RECORDS PROVIDED -
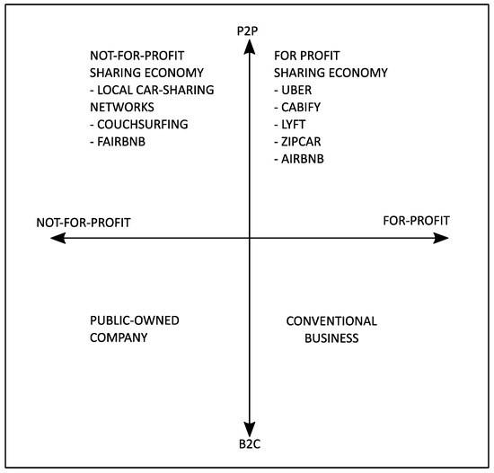 Some other authors notice some problematic issues concerning sharing economy, especially considering whether a sharing economy community works for profit or for solidarity reasons [1,13,16,17,18]. According to Alonso [13], many cases of the so-called sharing economy began with altruist purposes, but are really examples of ruthless egoism. Tom Slee’s book “Whats yours is mine”, an acid criticism on Botsman and Rogers [2] (2010), stated that the most significant examples of what used to be called the “sharing economy” are really giant corporations pursuing monopoly power and the “sharing” in the Sharing Economy has been reduced to simple market exchange [18]. According to this author, the appeal of a bottom-up, personal, community-driven alternative to traditional corporations have fizzled: we are left with Uber, a company financed by high-net-worth investors via Morgan Stanley and by Saudi Arabia’s Public Investment Fund, and Airbnb, by some measures the largest hotel company in the world [18]. It is clear that the sharing economy concept has become an umbrella for different practices that include for profit and not-for-profit economic practices, in which a variety of digital platforms, associations, social movements, and Internet activists play a role. Figure 1 summarizes this variety.
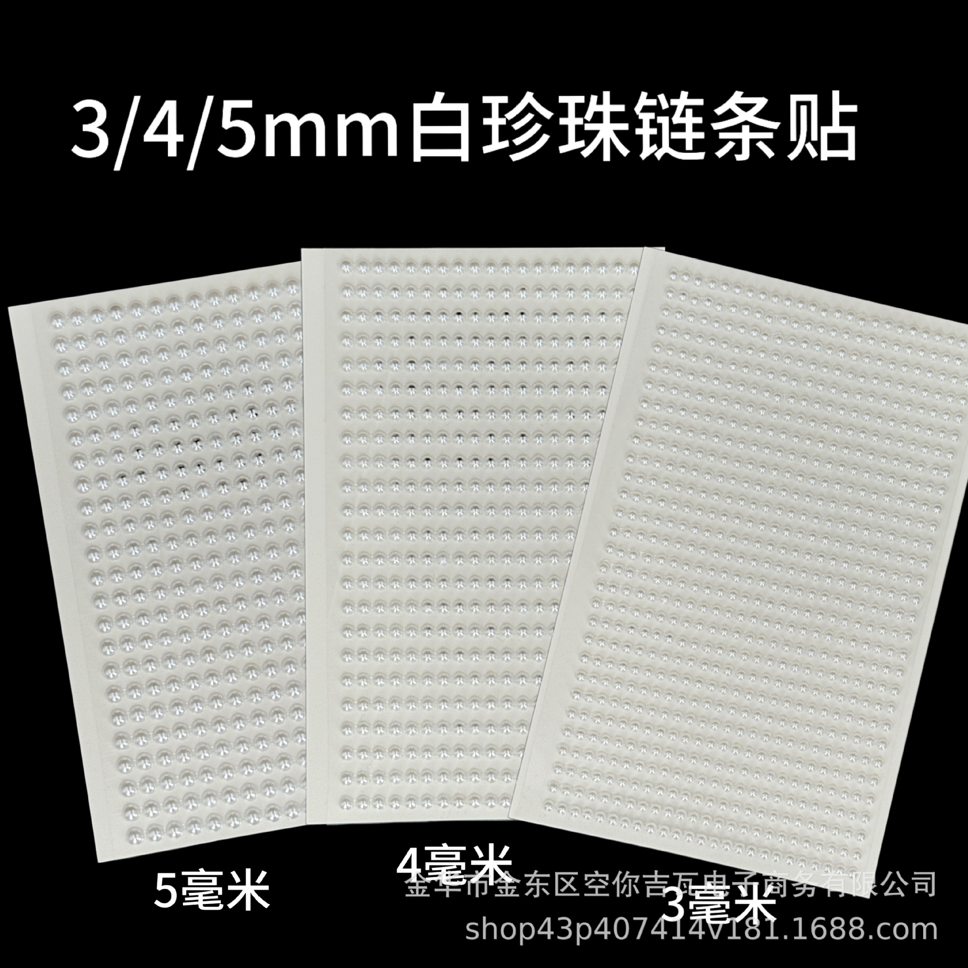 跨境珍珠贴纸345mm半圆立体珍珠链条DIY水钻饰品带背胶车贴钻批发
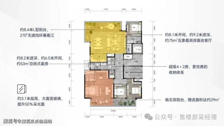 4+2房奢居设计,南北动静分区、社交区/休憩区互不干扰;
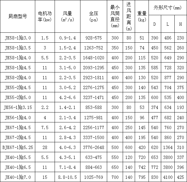 效節(jié)能低噪音JK系列礦用局部扇風(fēng)機(jī)是根據(jù)冶金、有色、黃金、化工、建材和核工業(yè)等各類非煤礦山局部通風(fēng)的需要設(shè)計(jì)的,適用于各種規(guī)格斷面的井巷掘進(jìn)通風(fēng)、采場(chǎng)和電耙道引風(fēng)、無(wú)底柱分段采礦法進(jìn)路通風(fēng)、其它局部通風(fēng)以及某些輔助通風(fēng)。也可用于隧道施工、地下工程施工等需要用風(fēng)筒送風(fēng)的場(chǎng)合通風(fēng)。
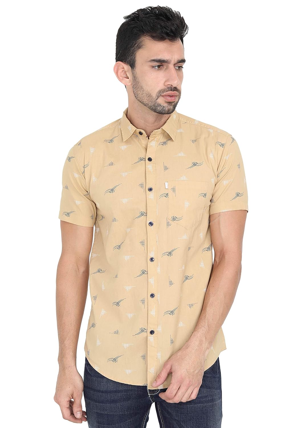 Asian & Fitch Men Casual Slim Fit Cotton Half Sleeves Printed Shirt Navy Bl...
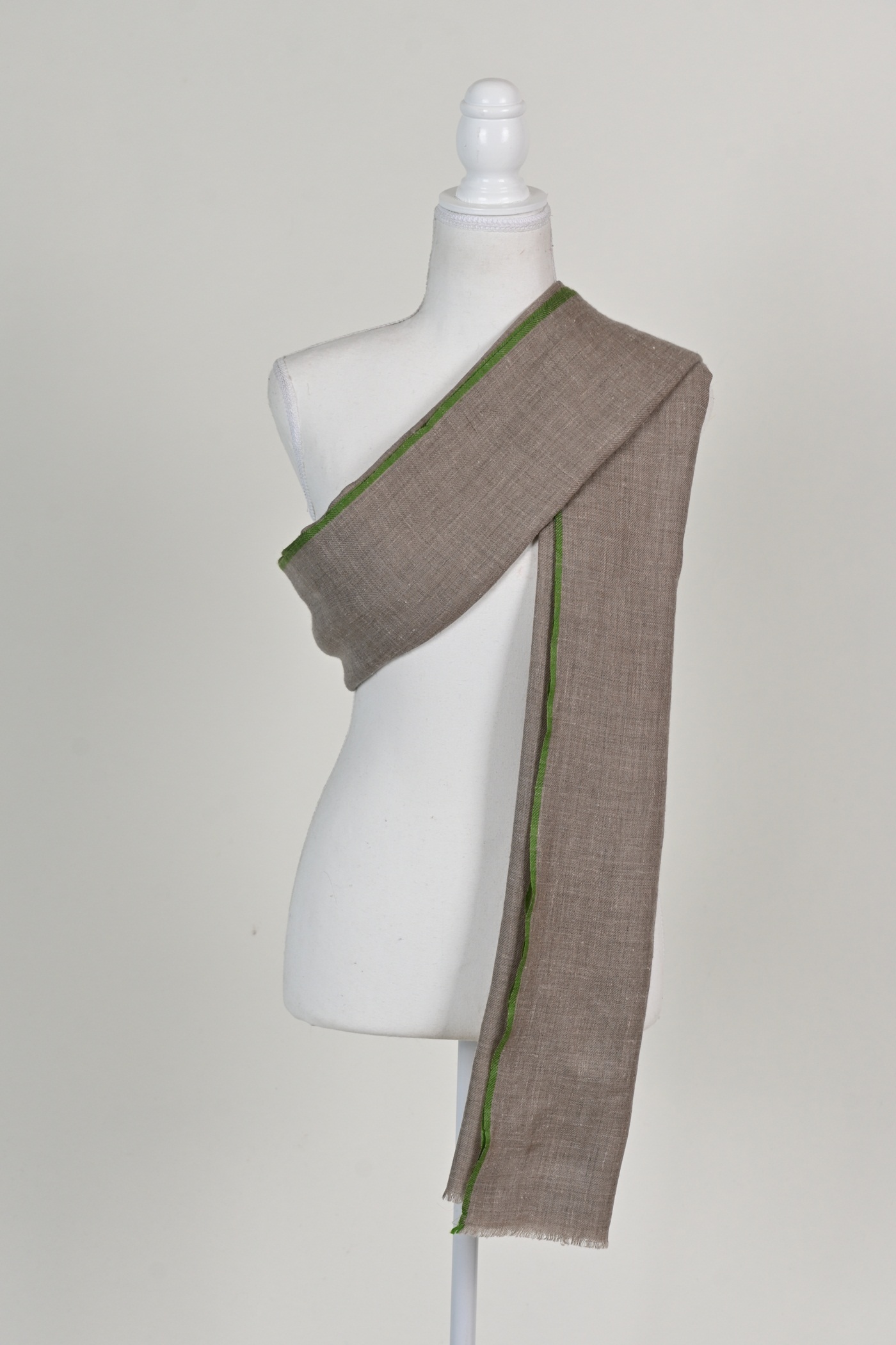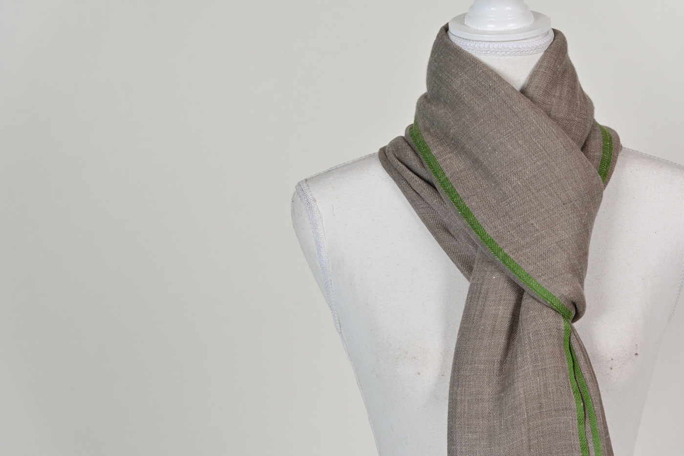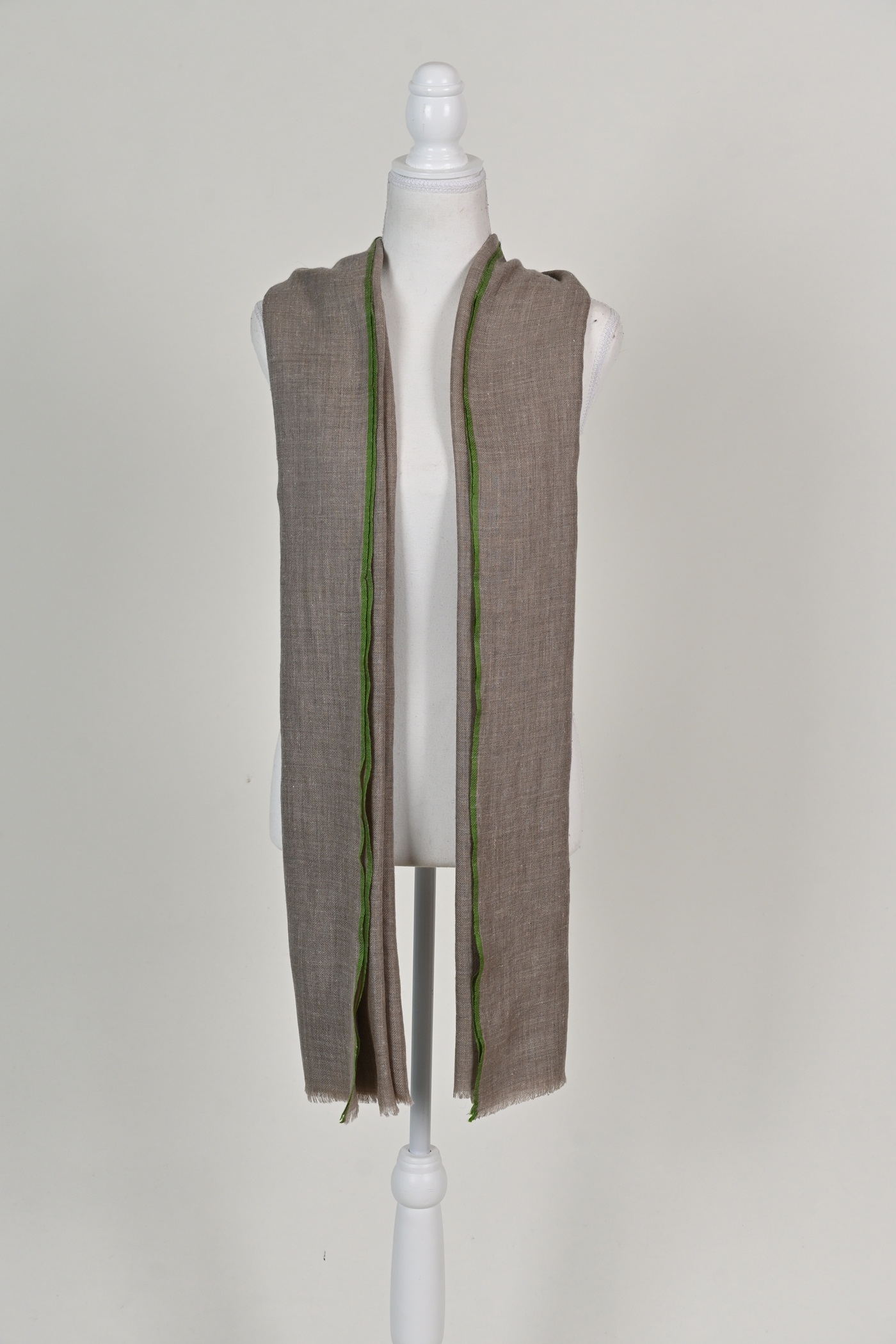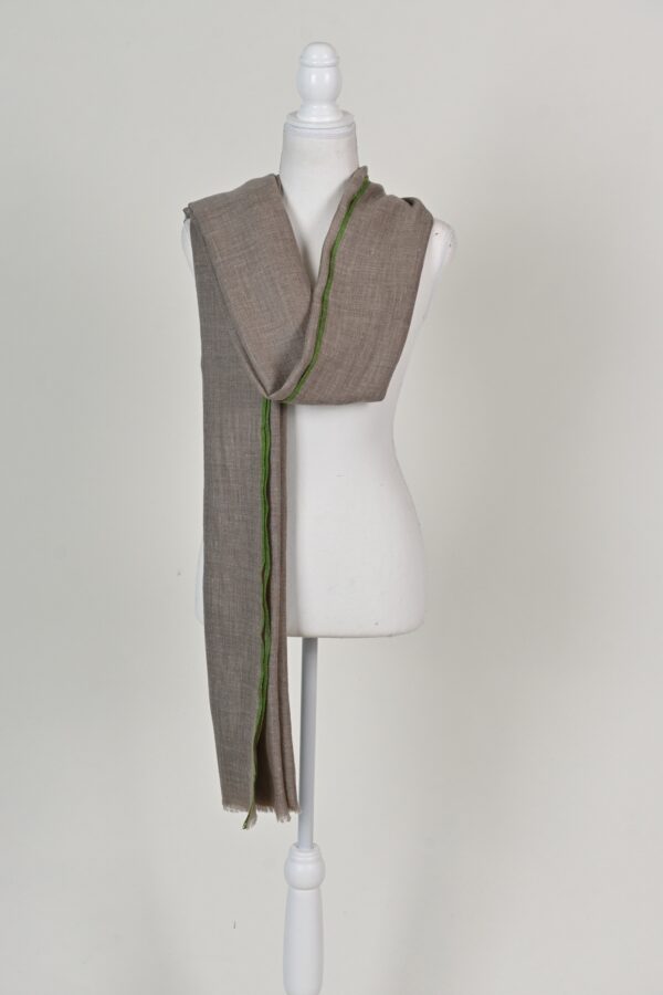 Handwoven Green Color Border Stripe Vicuna Shawl
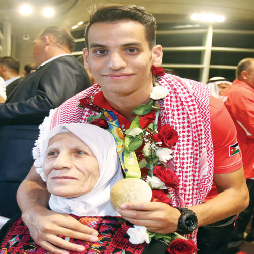 استقبل بطل التايكواندو احمد أبو غوش، الذي توج بميدالية ذهبية تاريخية بالنسبة للاردن لوزن تحت 68 كغم في دورة الألعاب الأولمبية في ريو دي جانيرو، الثلاثاء استقبال الابطال في عمان. وحصل أبو غوش على أول ميدالية ذهبية للأردن في تاريخ مشاركة هذا البلد الأولمبية منذ بدايتها في أولمبياد موسكو عام 1980. واستقبل العشرات ابو غوش مساء امس الاول الثلاثاء رافعين اعلام الاردن في مطار الملكة علياء الدولي، وبمجرد وصوله وهو يضع «الحطة الاردنية» الكوفية الحمراء والبيضاء على كتفيه، احتضن والدته التي كانت في انتظاره. وكان الطبق التقليدي الاردني «المنسف» حاضرا في صالات المطار ايضا في استقبال ابو غوش ومرافقيه من افراد البعثة اضافة لمستقبليه. وزينت الشوارع بصورة ابو غوش (20 عاما) وكتب عليها «شبابنا ثروتنا».
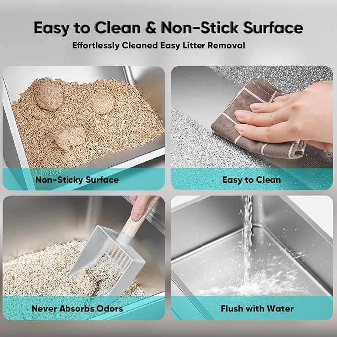 - Easy to Clean and Odorless: Nonstick surface of the litter box with lid makes cleaning a piece of cake, as waste slides out effortlessly with a quick rinse of water. Sturdy stainless steel won't get rusts and scratches where odor can harbor like the plastic litter box does, creating a clean and hygienic environment for your cats
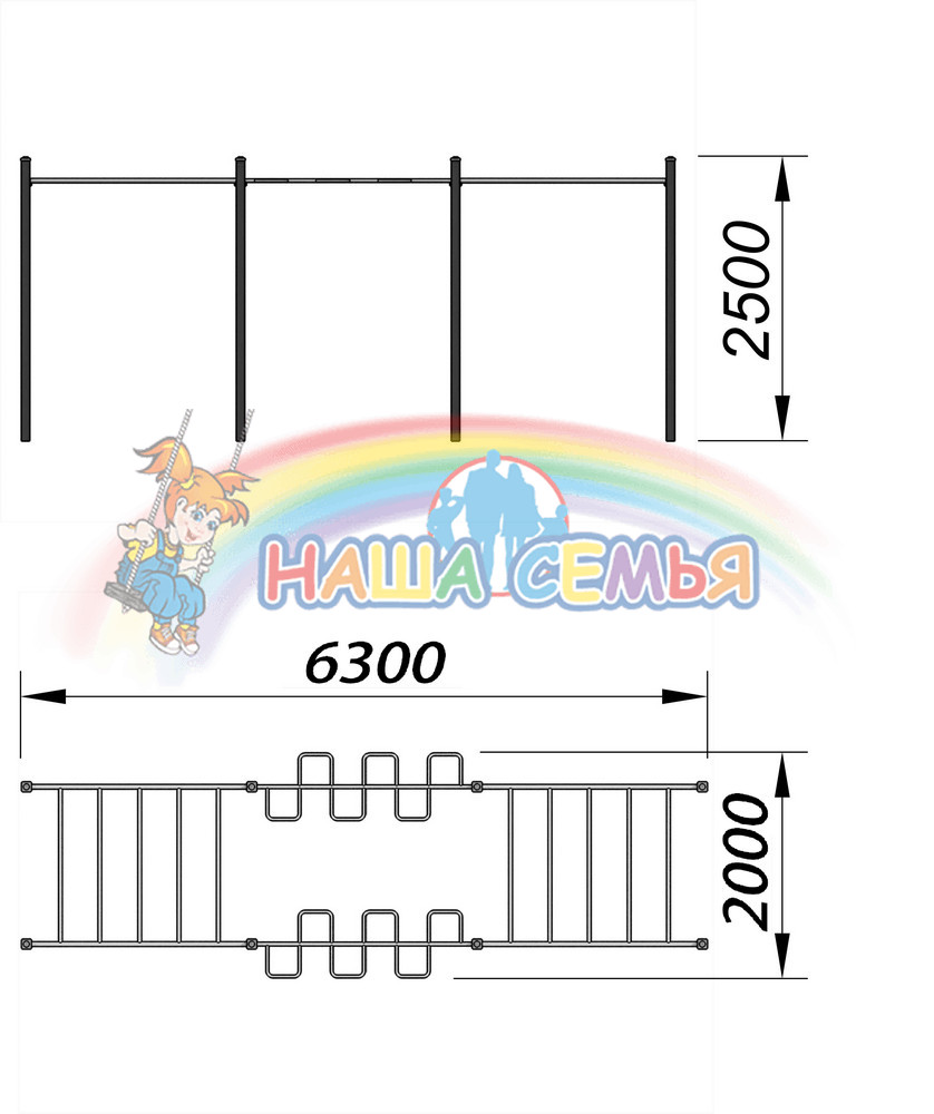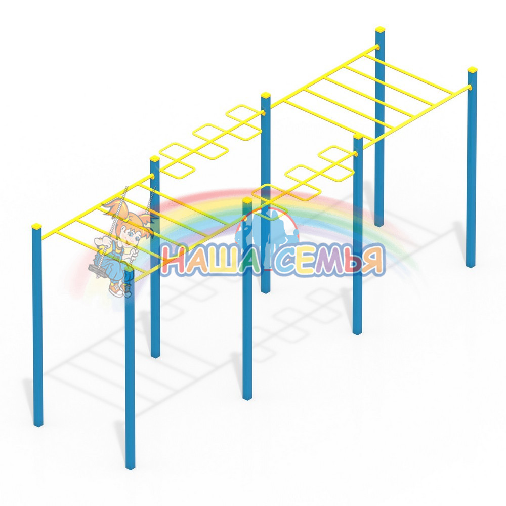 Спортивный комплекс для воркаут Тип 8 состоит из группы разноплановых рукоходов. Высота которых составляет два с половиной метра, а длина всей полосы более шести метров.
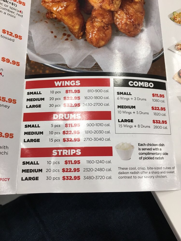 Wings & Drumsticks, double fried with your choice of sauce. Complimentary side of pickled radish or coleslaw.

GOAL OF THE EXERCISE - Print everything from the line with "跨境珍珠贴纸345mm半圆立体珍珠链条DIY水钻饰品带背胶车贴钻批发" down to the line with "Handwoven Green Color" in the entries above, both lines included and nothing more, without the pictures.

RESULT OF THE TASK -
 跨境珍珠贴纸345mm半圆立体珍珠链条DIY水钻饰品带背胶车贴钻批发
 4+2房奢居设计,南北动静分区、社交区/休憩区互不干扰;
 效節(jié)能低噪音JK系列礦用局部扇風(fēng)機(jī)是根據(jù)冶金、有色、黃金、化工、建材和核工業(yè)等各類非煤礦山局部通風(fēng)的需要設(shè)計(jì)的,適用于各種規(guī)格斷面的井巷掘進(jìn)通風(fēng)、采場(chǎng)和電耙道引風(fēng)、無(wú)底柱分段采礦法進(jìn)路通風(fēng)、其它局部通風(fēng)以及某些輔助通風(fēng)。也可用于隧道施工、地下工程施工等需要用風(fēng)筒送風(fēng)的場(chǎng)合通風(fēng)。
 Asian & Fitch Men Casual Slim Fit Cotton Half Sleeves Printed Shirt Navy Bl...
 Handwoven Green Color Border Stripe Vicuna Shawl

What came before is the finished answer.